私が高卒という学歴でこの世界で食っていけるのは、彼の作っていた雑誌のスタッフ
であったということが大きいだろう。その雑誌の政治、経済、教育問題などに対する他に類を
みない切り口の論調は、常に物議をかもしていた。そのなかで私もいくつかの記事を書き、
話題になったこともある。
「最近どんな仕事をしてるんだい」
いくつかの仕事を説明する。
「そうかい...ちょっと小耳にはさんだんだけどな、君、元アイドルの取材してる
そうじゃないか」
彼にはあまり知られたくなかったことだ。彼が雑誌を辞めた後、私もフリーとなった。
その後の仕事は、彼に自信をもって話せるものは何一つない。
「まさか君がアイドル、しかもモーニング娘のことを書くなんてな。
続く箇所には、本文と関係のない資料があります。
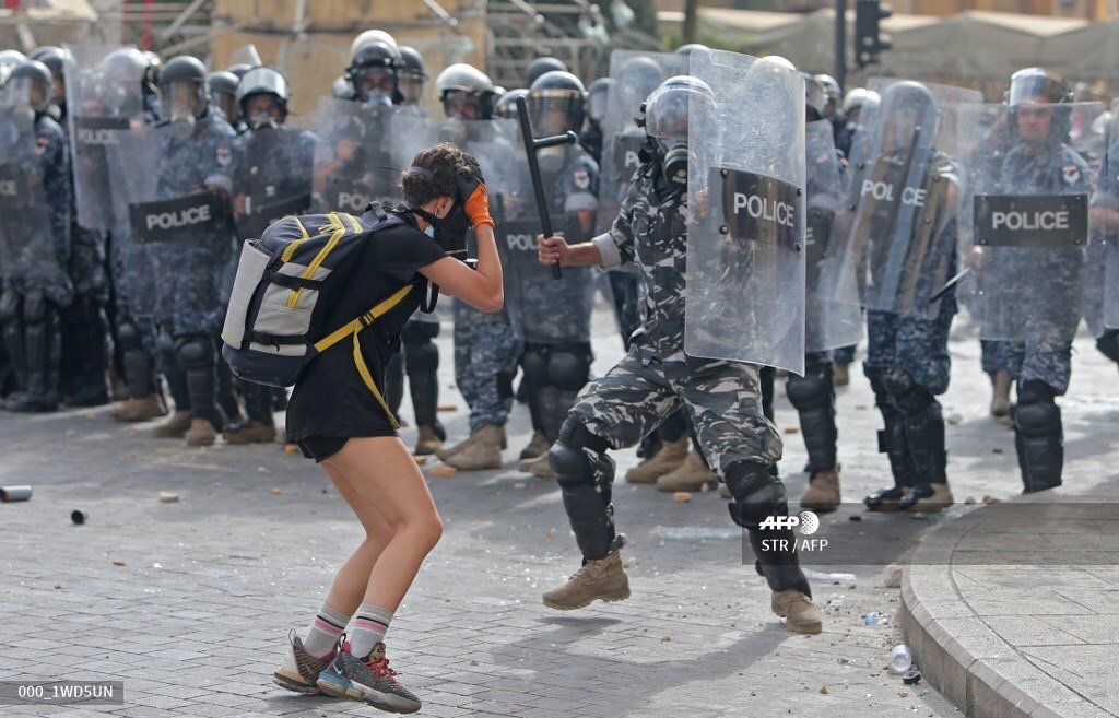 黎巴嫩抗爭者 vs. 黎巴嫩警察 // 市內衝突畫面見 AFP Twitter : https://bit.ly/2QTjg2W(Photo source : AFP)
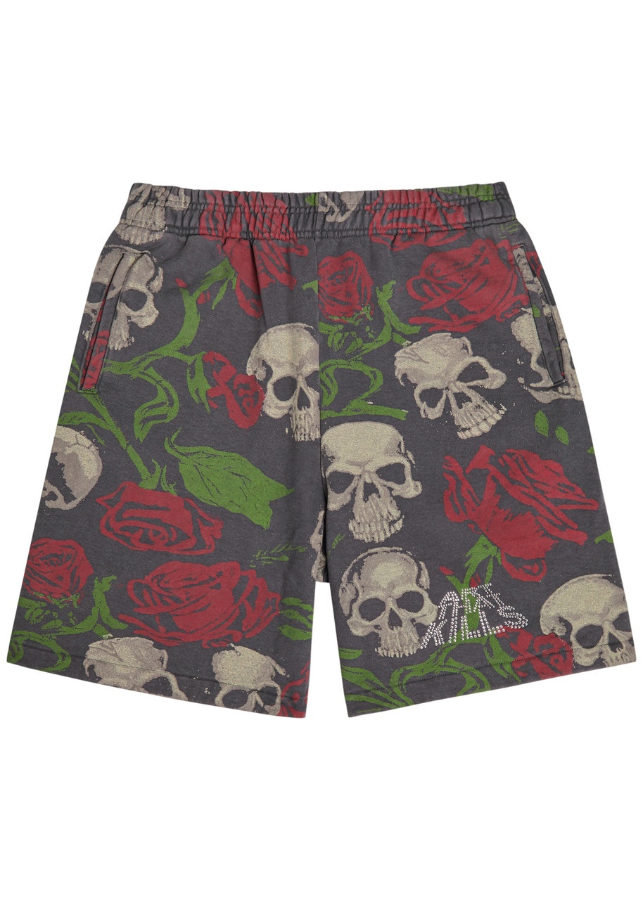 Info & Care Gallery Dept. cotton shorts Printed, concealed drawstring at elasticated waist, side slip pockets, rhinestone logo at hem Slips on 100% cotton Dry clean; Size & Fit Length waist to hem: 20 inches/ 51cm Midweight Relaxed fit, slim across the waist Model is 6'1"/ 186cm and wears a size medium
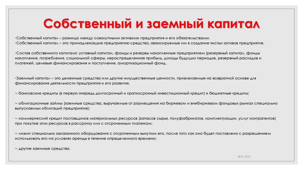 Собственный и заемный капитал◦Собственный капитал – разница между совокупными активами предприятия и его обязательствами.
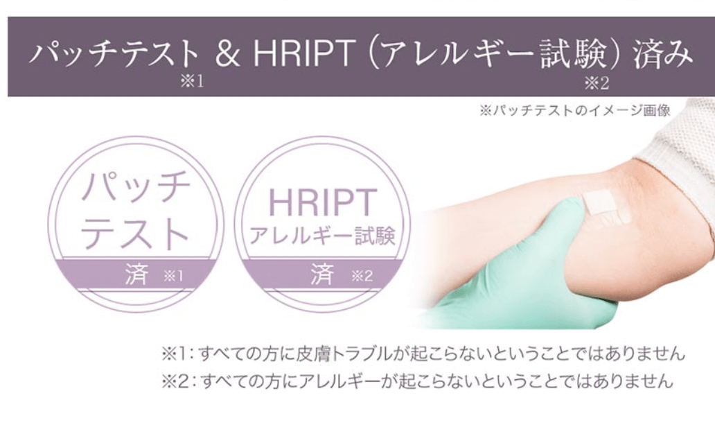 | 安全性 | パッチテスト&HRIPT(アレルギー試験)済み |
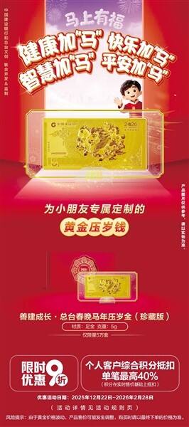 简介:2025年12月18日,中国建设银行正式发布“善建成长·总台春晚马年压岁金”产品,在2026马年来临之际,以“金马迎祥 骐骥驰骋”为主题,寄托对新时代少年儿童健康成长、勇毅进取的祝福,将“骐骥驰骋”的新春期许传递至千家万户。
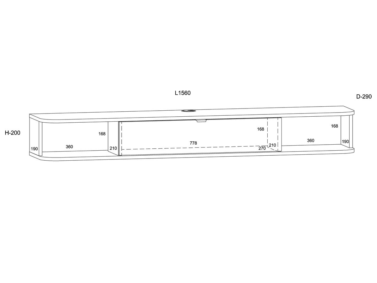 Szafka RTV Liora oferuje mnóstwo miejsca do przechowywania dzięki przemyślanej konstrukcji. Wyposażona jest w otwór na kable w górnej płycie, co ułatwia organizację przewodów i utrzymanie porządku. Schowek otwierany do dołu oraz wolna przestrzeń za schowkiem pozwalają na wygodne przechowywanie sprzętu RTV, pilotów i innych akcesoriów. Dwie otwarte półki są idealne do eksponowania dekoracji, książek czy sprzętu audio-wideo.
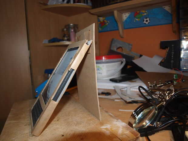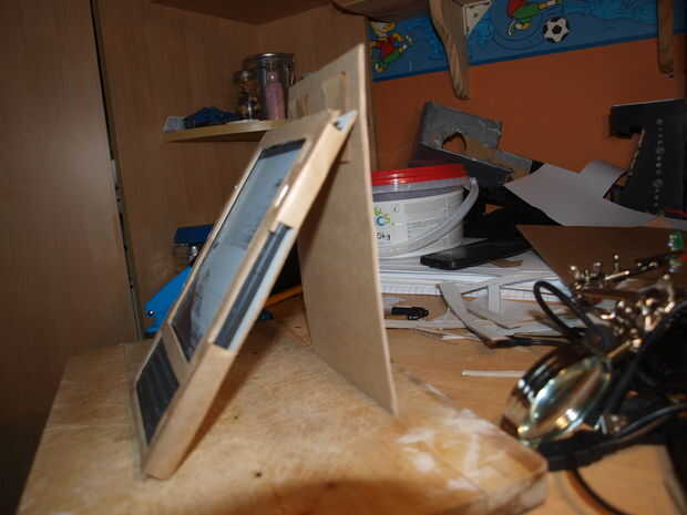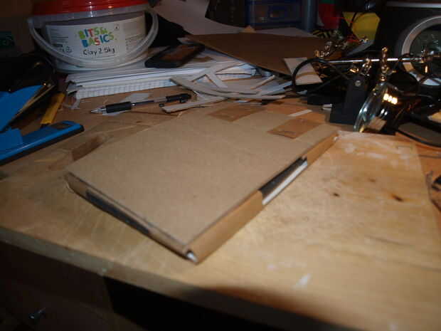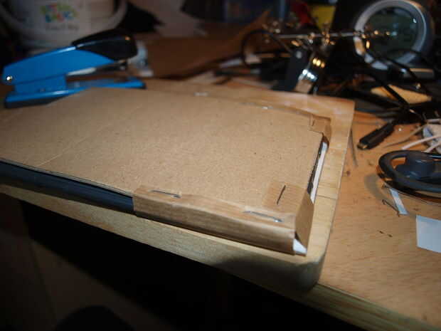 A continuación un borrador antiguo o algunos Blu Tack y debajo de la cartulina en la que vas a estable también (engañé y engrapadas en el Kindle roto, no me importaba sobre dañar) entonces deberás doblar las piernas hacia adentro de las grapas y empujarlos en el cartón para que usted no rasca su Kindle cuando se toman dentro y fuera de la caja.
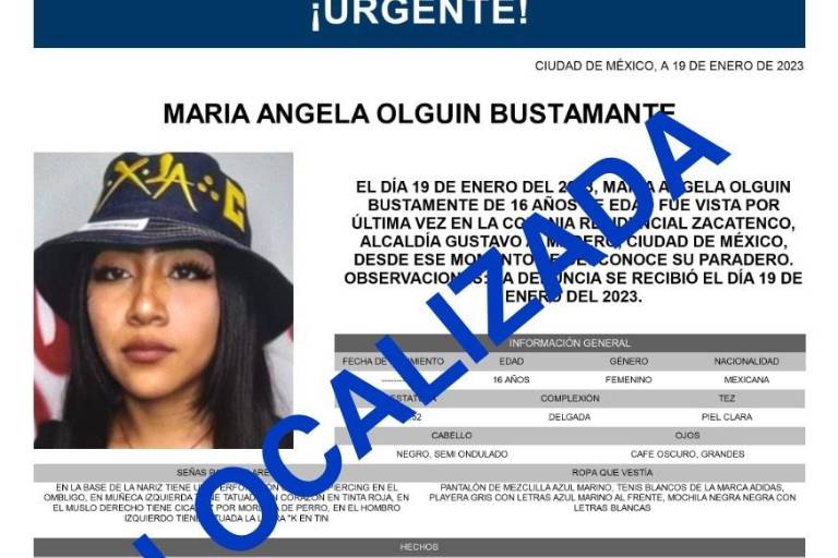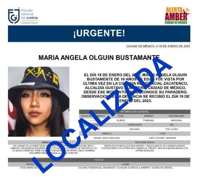 “Localizamos a la adolescente María Ángela, vista por última vez el 19 de enero en alcaldía Gustavo A. Madero. Agentes de la Policía de Investigación de la Fiscalía capitalina la trasladan a instalaciones de esta Fiscalía para ser reintegrada a su núcleo familiar. En breve mayor información”, informó la FGJ-CDMX.

意外だったよ」
まだ書くと決めたわけではない、という私の言葉を遮り、彼が言った。
「最後までやったほうがいい。君にはそれは必要なことだよ。君、今年でいくつ
になる?」
27歳。
「まだそんな年なのに、君はなにを焦っているんだ。君はいつもいつも自分を年寄り
みたいな言い方をする。本当はまだ自分と向き合えてもいないのにな。その取材が
終わったら私のところへ戻ってきたっていいんだよ」
私は彼のことを心底尊敬していた。だからこそ彼の偉大さに気付き、彼の下でやっていた
のでは追いつけない、と感じた。そして、彼とはまったく違うところで、違うジャンルで、
一から始めようと思った。彼の持たない視点を探すために。
そのあとは彼が現在取り組んでいる問題についていくつか話を聞て、時間は過ぎた。
帰り際、彼は、
「余計なお世話かもしれないが、やはりそのアイドルのことはきちんとやれよ。
彼女の言葉だけで書かなくても、きっといいものができるさ。書くのが君ならね」
そういって、去っていった。
私は間違っていたのかもしれない。自分の気持ちを彼女に代弁させ、自分の溜飲を
下げようとしていた。彼女と同じく、私も現在の自分に満足はできてはいない。
そのため彼女は過去にすがり、私は過去を忌み嫌った。
そのことで私は、自分自信を狭めていってしまっていたのか。
今の私には、過去を過去として受け入れることが必要だということだろうか。
...まずは、彼女と向き合うことから、かな。
私、福田明日香はそう決心し、彼女に次の約束の電話をした。
ー完ー
一応、終わりです、違った展開期待していた人がいたら、ごめんなさい。
感想とかきけたら、うれしいです。
22 :
名無し娘。 : 2001/02/09(金) 08:08 ID:v.5nv5y.
なるほど、そっちに持ってきたか。
ちゃんと伏線になってたんだな。
うまくひっくり返したね。
23 :
名無し娘。 : 2001/02/10(土) 13:07 ID:wK5AKdtQ
面白かったぞage
24 :
名無し娘。 : 2001/02/10(土) 19:12 ID:0Lgu0sqY
予想外の終わり方がおもしろい!
次回作にも期待!!
>>22ー24
読んでくれてありがとう。
また、内容がまとまったら書きたいです。
はじめたら告知しますね。
26 :
( ´ : 2001/02/15(木) 04:34 ID:g1YzGDqQ
福田明日香のことをもっとよく知ってたら
面白かったんだろうなぁ、って思います。
あと、後半もう少し丁寧に書いて欲しい。
次回も期待っす。
>26
まさしく御指摘のとうりです。
僕はあまり古いファンではないので...。
後半はいきおいで書き過ぎました。
こういう意見はとてもうれしいです。